The seemingly daily onslaught on the Christian churches and their beliefs, whether sneering that the Presbyterian churches in Scotland are rooted in 17th-century ideology, trying to exclude religious observances from state schools or to drive church representatives off education authorities from a tiny group of secular activists, prompts some observations.

If these determined secularists have their wish, in an independent Scotland, state schools (be they non-denominational or Roman Catholic) may become integrated and their curricula secularised and redded of religious "indoctrination" (the secularists' word).

Then, if the new Scotland follows the modern secular model of France, children whose parents wish them to follow a curriculum that allows a measure of religious observance, will have to be enabled to attend private schools (90% of which are Catholic schools in the French system), where the salaries of the teachers are paid by the French state.

This may be a future model for an independent Scotland if Christian education is forced out of state schools. I grudgingly suggest this model be actively considered in any new Scottish constitution if the militant secular lobby achieves its goal of driving religion out of Scotland's state education.

Similarly, in Scotland, we are told Kirk care homes are very short of funding as a result of local authority cuts. Church-based social work has long been important for Scots. In a secular Scotland of the future, perhaps we can follow the example of the modern secular German state which levies a tax to support either the main Lutheran church or Catholic church in social and care activities.

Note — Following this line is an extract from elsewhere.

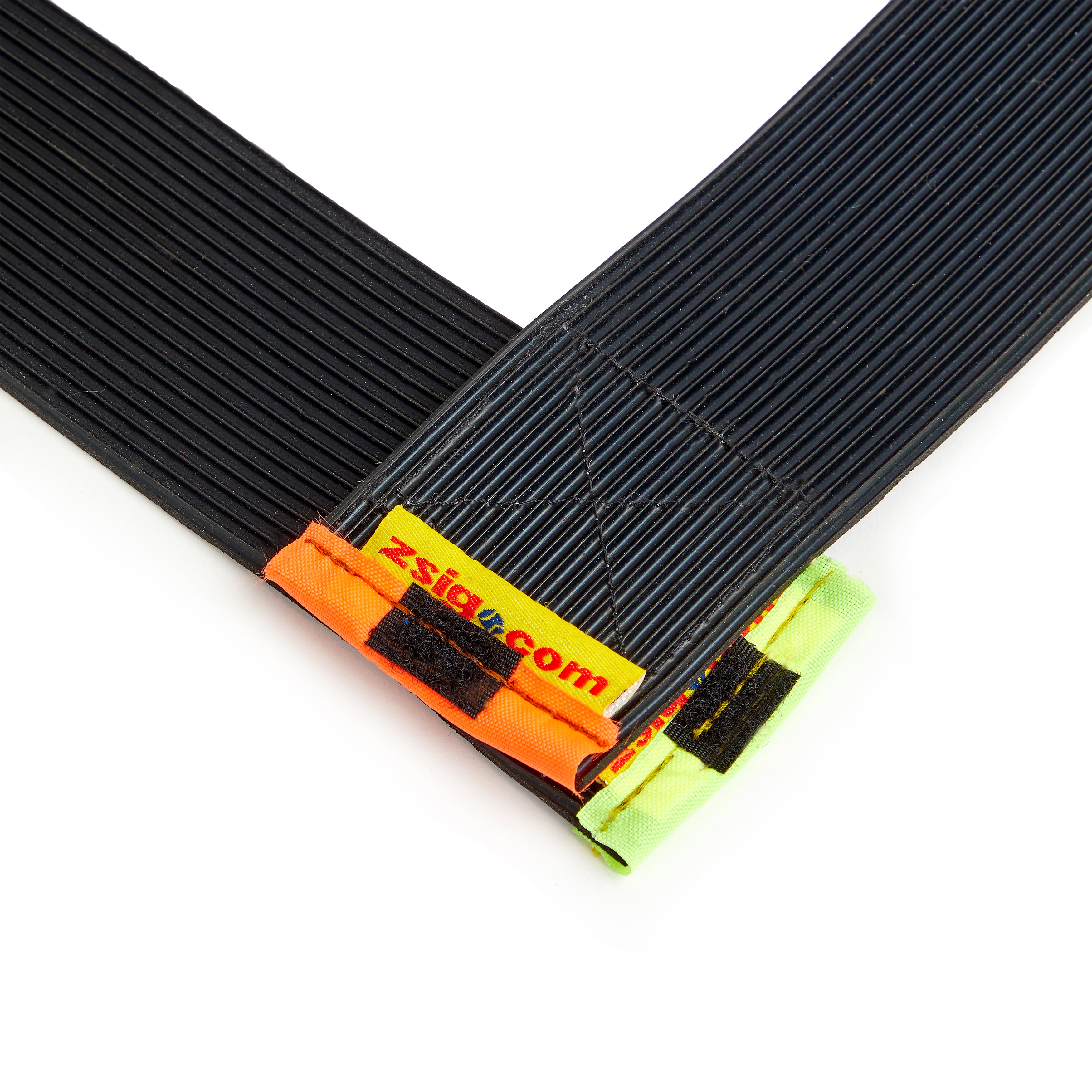 These safety lines are are made from extremely durable 100% natural rubber, with a ribbed surface on their upper side for sure footing, and a textured underside which grips the court surface. They are totally waterproof, weather resistant and easy to clean.
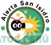 El logotipo conformado por la denominación ALERTA SAN ISIDRO escrita en letras características acompañada de la representación estilizada de dos estrellas, en cuya parte inferior se aprecia dentro de un círculo la representación estilizada de una luciérnaga y cuatro estrellas, todo en la combinación de colores verde, rojo, amarillo, blanco y negro; conforme al modelo adjunto

That funding route might be necessary in a secular Scots society, which a loud and articulate but sparse minority seems to be dedicated to bringing about.

The majority of Scots simply want the church-state balance to be left as it stands. We should make this very clear to our elected representatives at council and parliamentary level.

Gus Logan,

2 York Road,

North Berwick.

On the same day as this week's terrorist attack in Lodon, the Government announced 15 new faith schools in England; six for Muslims. There are plans for an Islamic school and one for the Free Presbyterian Church in Glasgow.

This cash-strapped Government will struggle to regulate what goes on in them.

In just one week in May, I witnessed two US religious extremists invited to speak to Catholics. One was Pam Stenzel, an abstinence-only advocate who told 200 children from the Paisley diocese that "condoms are not safe" and anyone who had sex out of marriage "would pay". The other was Michael Voris who told a crowd of 150 Catholic activists in Motherwell: "We need to explain why contraception and same-sex marriage is evil", adding: "there is no-one in Heaven; except for Catholics."

It is time we stopped encouraging examples of religious extremism.